• Exercise directions
Only one stretch of the data below is needed: the line with "Xiaoxiangfeng レースステッチノースリーブシャツ女性のための夏の 2025" through the last line. Output it exactly and drop the pictures.

• Input data
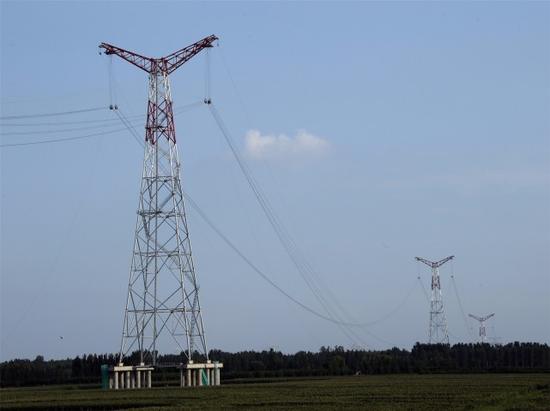 扎青特高壓直流工程導線分為正極、負極,專業術語稱之為“兩相”,黃跨段的每相由6根目前國內最大的1250平方毫米大截面導線組成,每根導線的直徑是47毫米。
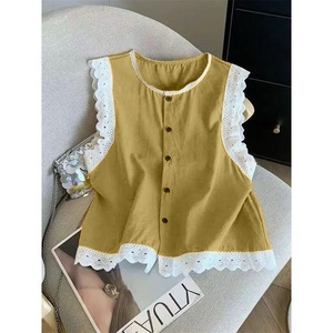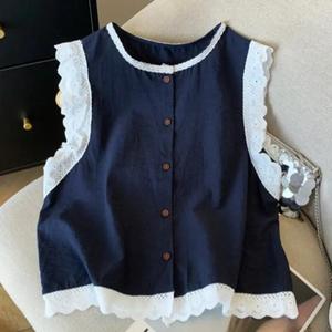 Xiaoxiangfeng レースステッチノースリーブシャツ女性のための夏の 2025 新しいファッション気質ルーズ痩身多用途トップ
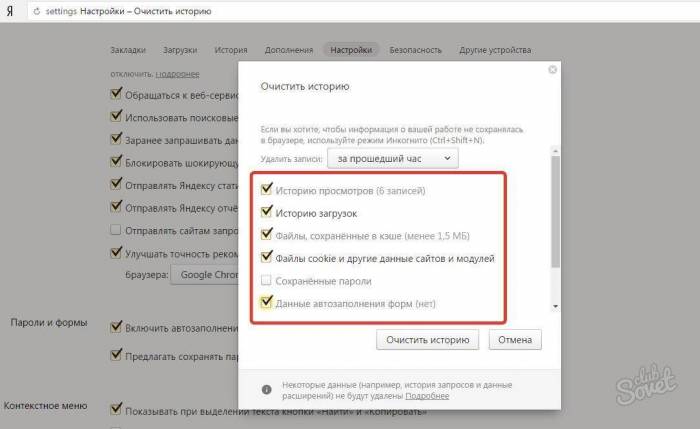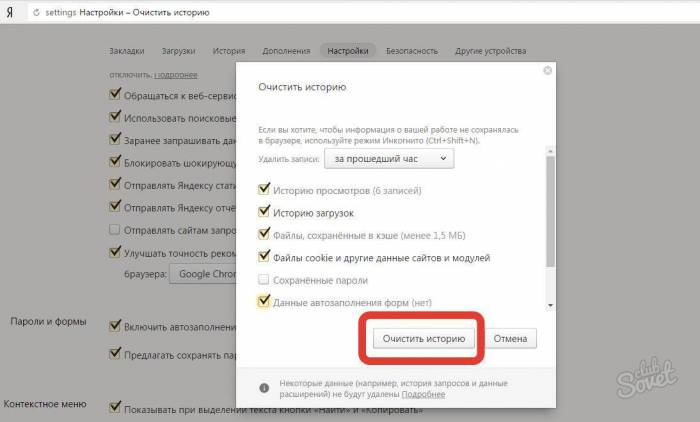 Удаление истории через настройки браузера

• Answer for the task
 Xiaoxiangfeng レースステッチノースリーブシャツ女性のための夏の 2025 新しいファッション気質ルーズ痩身多用途トップ
 Удаление истории через настройки браузера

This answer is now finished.